Now that you know all the great moves, you probably want to know some strategy. When are you supposed to dribble instead of passing or shooting? There are a few smart guidelines.
First of all, if you're all by yourself and no one is challenging you, go ahead and dribble. Take as much of the field as the defenders will give you. It's hard to imagine that any team would let you take the ball from one end of the field to the other, but until they send someone in to stop you, give it a try. However, just because you see a defender approaching doesn't mean that you should immediately pass the ball. Wait until he actually commits to challenging you. Otherwise you'll make it easy for him to intercept your pass.
When they do approach you, however, it's time to rethink. You could try to use a fake to get by a defender, but that doesn't have a high success ratio. If there's an open player nearby, you can send the ball to her. She can then pass it back to you for the easy give-and-go pass that you learned about in Chapter 3. This is a much better, almost foolproof, option than trying to dribble around the defender.
You also don't want to be dribbling when you're defending in front of your own goal. That's a really dangerous area to be fooling around in. Instead, get the ball out of there! Use a series of short passes or one long kick, but clear it out of the goal area. Don't rely on any fancy footwork because if you get burned, then you're risking a goal.
The Seal Dribble
One very unusual method of dribbling is called the seal dribble. This entails moving the ball down the field by bouncing it off your head. Obviously this is a very advanced skill, but it's a real problem for defenders because they have a hard time interfering with the player in a legal way. They can't go after the ball because it's up at head level, and they can't go after the body, without being called for a foul.

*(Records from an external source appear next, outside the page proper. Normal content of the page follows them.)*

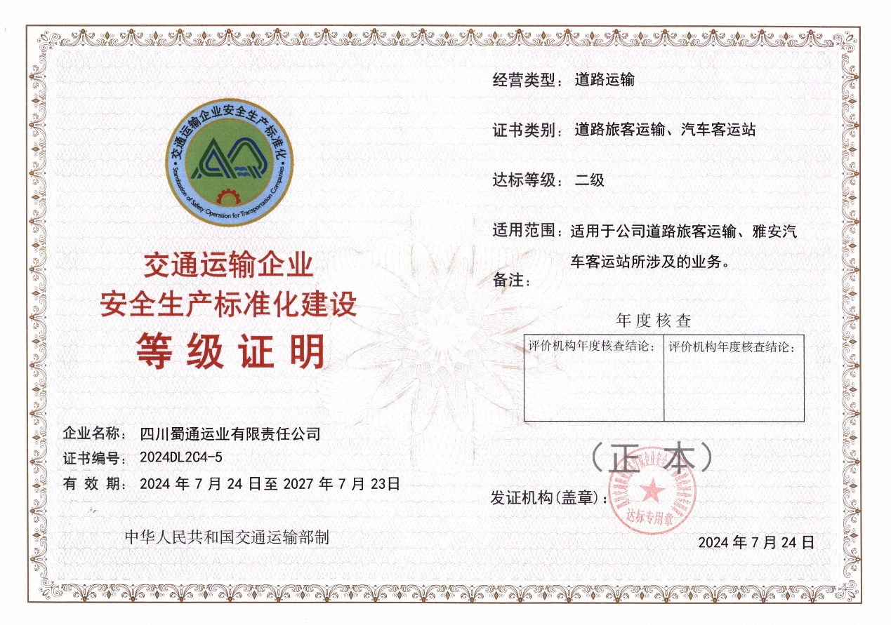近日,經(jīng)四川省交通運輸企業(yè)安全生產(chǎn)標準化評價機構(gòu)綜合評定,雅安交建集團蜀通公司順利通過安全標準化二級企業(yè)驗收并獲得等級證書,標志著公司安全管理工作更趨于標準化,安全管理水平邁上了新臺階。
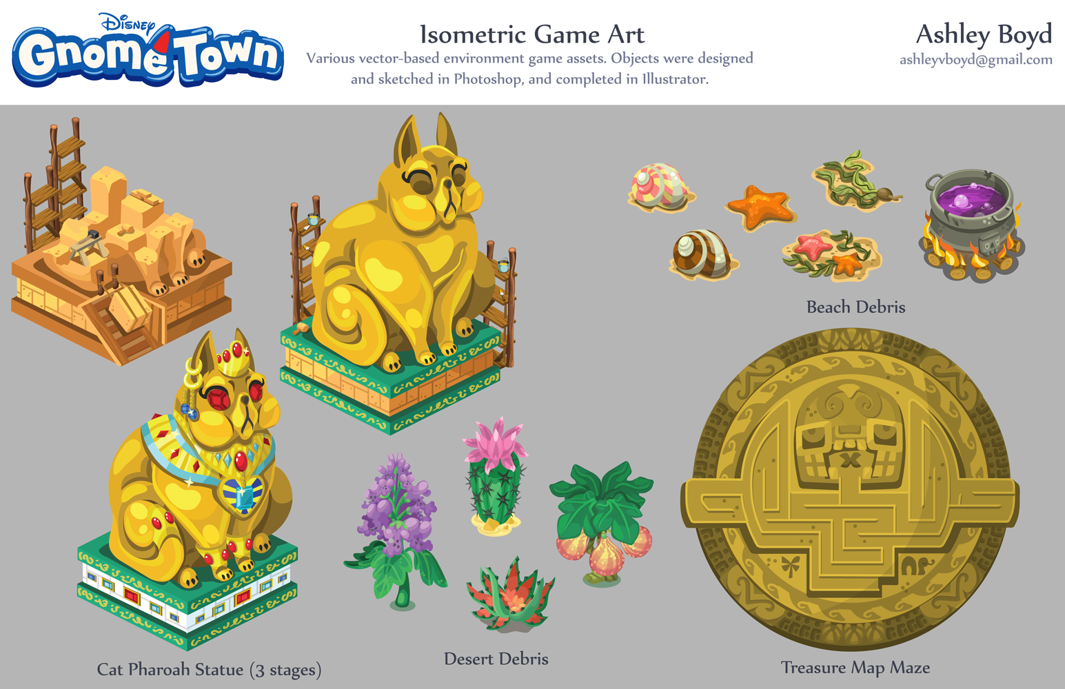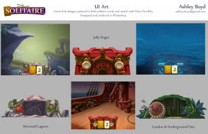 While I was at Disney, I also worked on character and game art for Disney’s GnomeTown, and UI for Disney’s Solitaire.
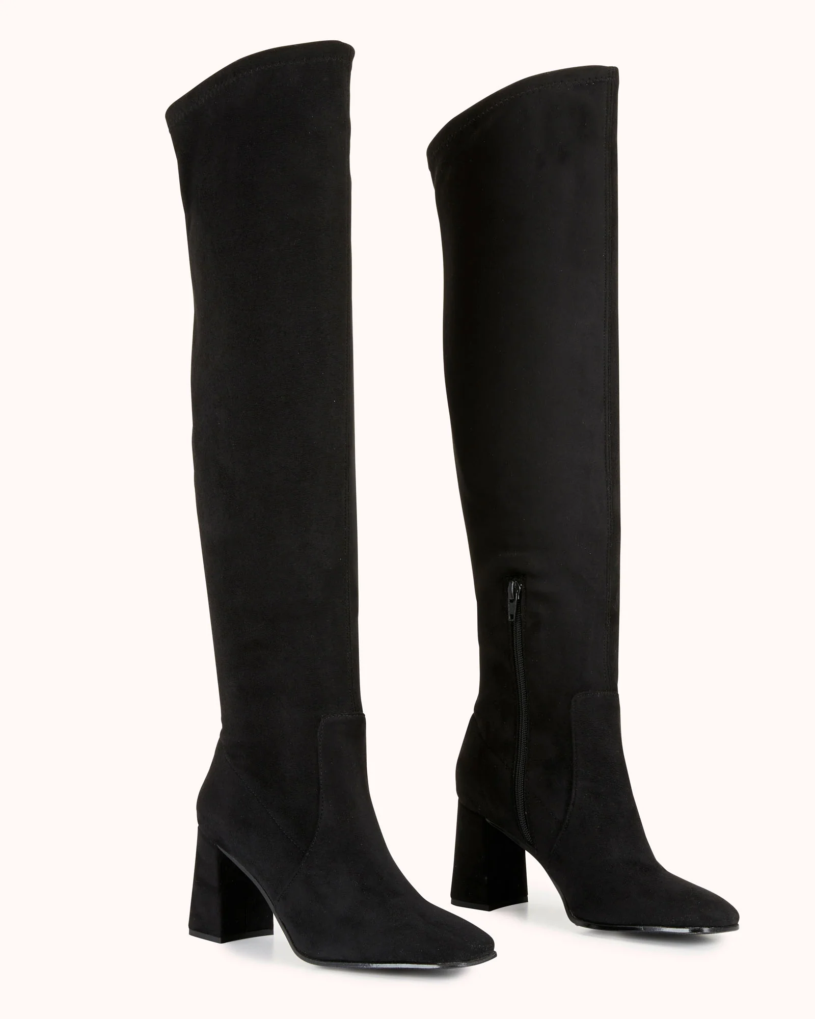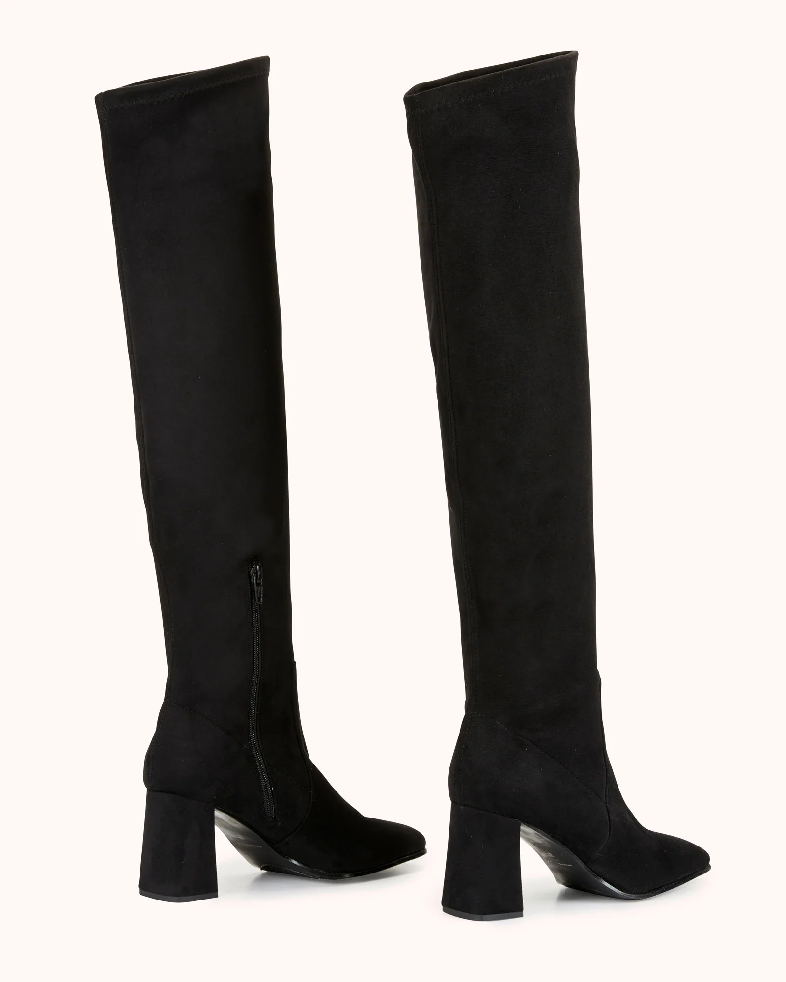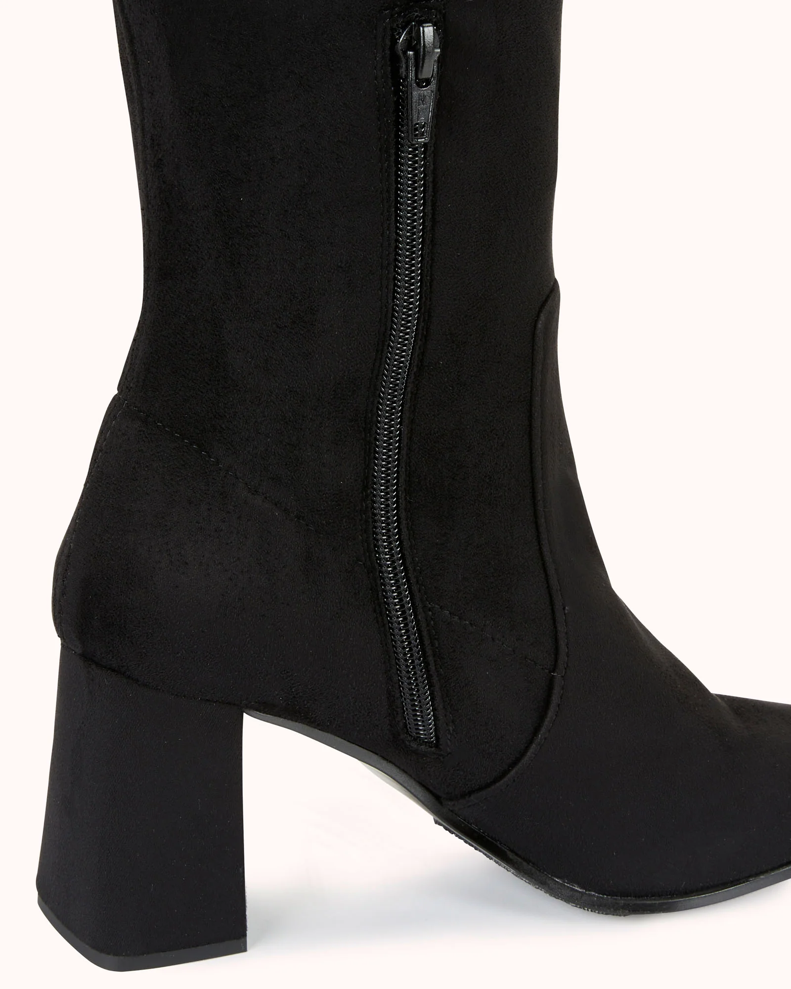 La DELPHINE est une botte genoullière stretch à talon de 8 cm. En velours stretch, elle galbe de manière très élégante la jambe et convient parfaitement à tous types de mollets.
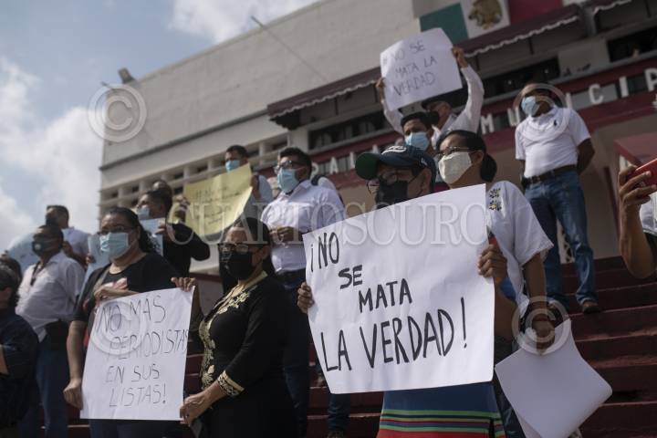 Periodistas de campeche se unieron a la jornada nacional de protesta por el reciente asesinato de la comunicadora Lourdes Maldonado de Tijuana.
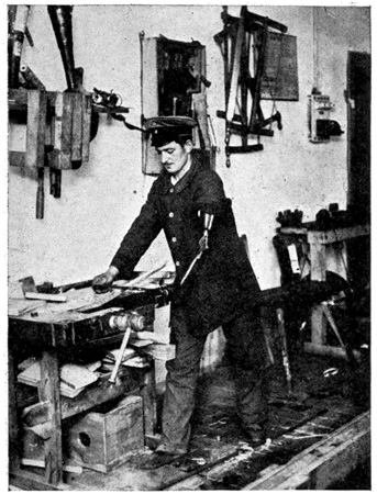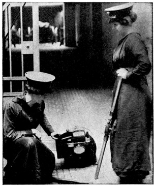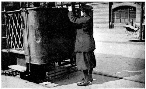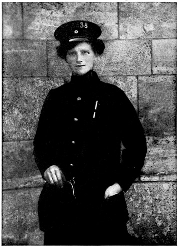 After the women ticket punchers came the women door shutters, and Frau Türschliesserin, or "Mrs. Door Shutter," is all day long on the platforms of the stations, and she must see that every train door is shut before the train starts. This is a lively job, 23 and she must jump from one door to the other. Most of these women wear bloomers, but some of them wear men's trousers tucked in their high boots. They all wear caps and badges.

You might think that if you're in front of the other team's goal, the advice would be just the opposite, but that's not the case. You don't want to dribble there, either. This time, though, forget passing. Shoot! Dribble if you need to get clear to take a shot, but if you're inside that box, boot the ball into the goal.
So, to put it simply:
Goal areas = No dribbling
Finally, you don't want to dribble if there's someone else wide open and closer to the goal. Even if you're a fast runner, you're not going to be faster than a good hard pass. So send the ball down the field to your teammate and race to support her. The key to remember in this situation is that your teammate has to be “wide open.” Just because your teammate is closer to the goal doesn't mean that she's able to receive a pass. This is especially true if no one is guarding you. Think about it. If no one is on you, the other team has ten of their players guarding the other nine players on your team. You might just want to keep the ball and start tap, tap, tapping your way toward the goal.